Campaign B: DeFi Extrapolation Benchmark (74 Cases)

This campaign is distinct from the Core 15 benchmark. Each test case splits data so the test set lies outside the training feature range, directly probing extrapolation ability. The benchmark includes difficulty variants and is run across all three methods.

Key design decisions

Denominator: Use fixed n=74 for all cross-method comparisons (v3.0 benchmark). All 74 cases are tractable; 0 cases flagged extrapolation_intractable.
NaN policy: NaN results (formula execution failures) count as failures, not missing data.
Routing improvements: Fixes 0–5 are applied before running; they improve the HypatiaX rate from ~62% to 89.2% R²>0.99.

Run the DeFi extrapolation benchmark

python hypatiax/experiments/benchmarks/hypatiax_defi_benchmark_v3c.py \
    --output data/results/defi_extrap/ \
    --v2 \
    --fixed-denominator 74 \
    --nan-penalty      # NaN = failure (honest metric)

Expected output:

DeFi Extrapolation Benchmark (v3.0, n=74 fixed denominator)
=============================================================
HypatiaX  R²>0.99 : 66/74 = 89.2%   ← beats Pure LLM by 27 pp!
Pure LLM  R²>0.99 : 46/74 = 62.2%
Neural Net R²>0.99 :  0/74 =  0.0%
Catastrophic failures (R²<-10): HypatiaX=0, LLM=6, NN=N/A

Python: run a single DeFi case

from hypatiax.protocols import experiment_protocol_defi
from hypatiax.experiments.tests.test_enhanced_defi_extrapolation import EnhancedExtrapolationTest

protocol = experiment_protocol_defi.ExperimentProtocol()
# Load standard cases only (exclude intractable)
problems = [p for p in protocol.get_defi_problems()
            if not p.get('extrapolation_intractable', False)]

print(f"Standard cases: {len(problems)}")   # 66

tester  = EnhancedExtrapolationTest(enable_routing_fixes=True)  # Fixes 0-5 active
results = tester.run_all(problems, methods=['llm', 'hybrid', 'nn'])

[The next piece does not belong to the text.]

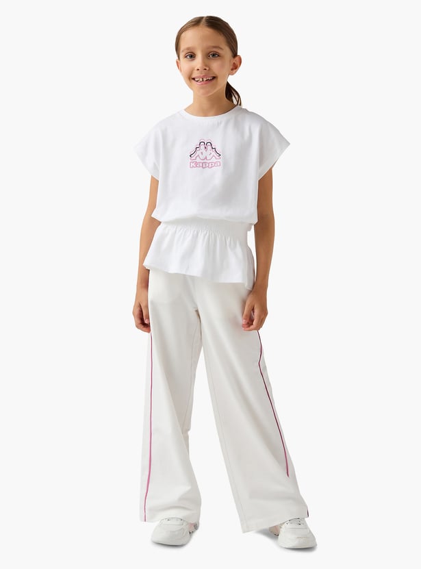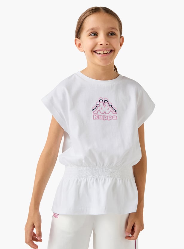 This t-shirt offers a stylish and comfortable fit for everyday wear. The smocked detail waist design creates a flattering silhouette, while the short sleeves and round neckline provide a classic look. The eye-catching graphic adds a touch of personality to her wardrobe.

# Honest denominator summary
for method in ['llm', 'hybrid', 'nn']:
    method_results = [r for r in results if r['method'] == method]
    passes = sum(1 for r in method_results
                 if r.get('r2_test') is not None and r['r2_test'] >= 0.99)
    nans   = sum(1 for r in method_results if r.get('r2_test') is None)
    print(f"{method.upper():10s}: {passes}/66 = {passes/66*100:.1f}%  "
          f"(NaN failures: {nans})")

Routing improvements summary

Fix	Change	Measured gain
0	Reserve Ratio / Spot Price: independent log-uniform sampling	+2 pp
0b	IL Breakeven flagged structurally intractable	+1 pp
1	Extrapolation probe: ΔR²≥0.15 → route to LLM	+6 pp
2	Transcendental token detection → route to LLM	+5 pp
3	LLM predictions as NN feature (X_aug)	+1 pp
4	Distance-gated blend weight	+1 pp
5 (proj.)	Unified formula evaluator + routing guard	+3 pp (projected)

See sec:routing in the paper and Tutorial 4 for implementation details.

Campaign C: Feynman SR Benchmark

The paper evaluates on a 30-equation subset of the Feynman SR Benchmark (Udrescu & Tegmark 2020), spanning Series I/II/III plus domain extensions in biology, chemistry, and electrochemistry.

Run Phase 2 (noisy, practical threshold)

python hypatiax/experiments/benchmarks/run_comparative_suite_benchmark_v2.py \
    --methods 1 \
    --samples 200 \
    --no-llm-cache \   # Disable LLM prompt cache; use this for fresh reproducibility runs
    --v2

Run Phase 3 (noiseless, literature-comparable threshold)

python hypatiax/experiments/benchmarks/run_comparative_suite_benchmark_v2.py \
    --noiseless \
    --threshold 0.9999 \
    --nn-seeds 3 \
    --samples 200 \
    --method-timeout 900 \
    --pysr-timeout 900 \
    --v2

Expected output (Phase 3, v2 corrected):

Feynman SR Benchmark — Phase 3 (noiseless, aggressive PCA-directed extrapolation)
==================================================================================
HypatiaX      :   9/30 = 30.0%  (comparable to AI Feynman 2.0)
Symbolic only :   8/30 = 26.7%
Neural Net    :   5/30 = 16.7%

Published baselines (under equivalent conditions):
  AI Feynman 2.0 : ~30%
  NeSymReS       : comparable

Note: The 30.0% rate reflects HypatiaX’s aggressive PCA-directed extrapolation protocol (5× training range). Performance under relaxed interpolation thresholds is significantly higher. See paper §5.8 for protocol details and the hardware-sensitivity note in Appendix B.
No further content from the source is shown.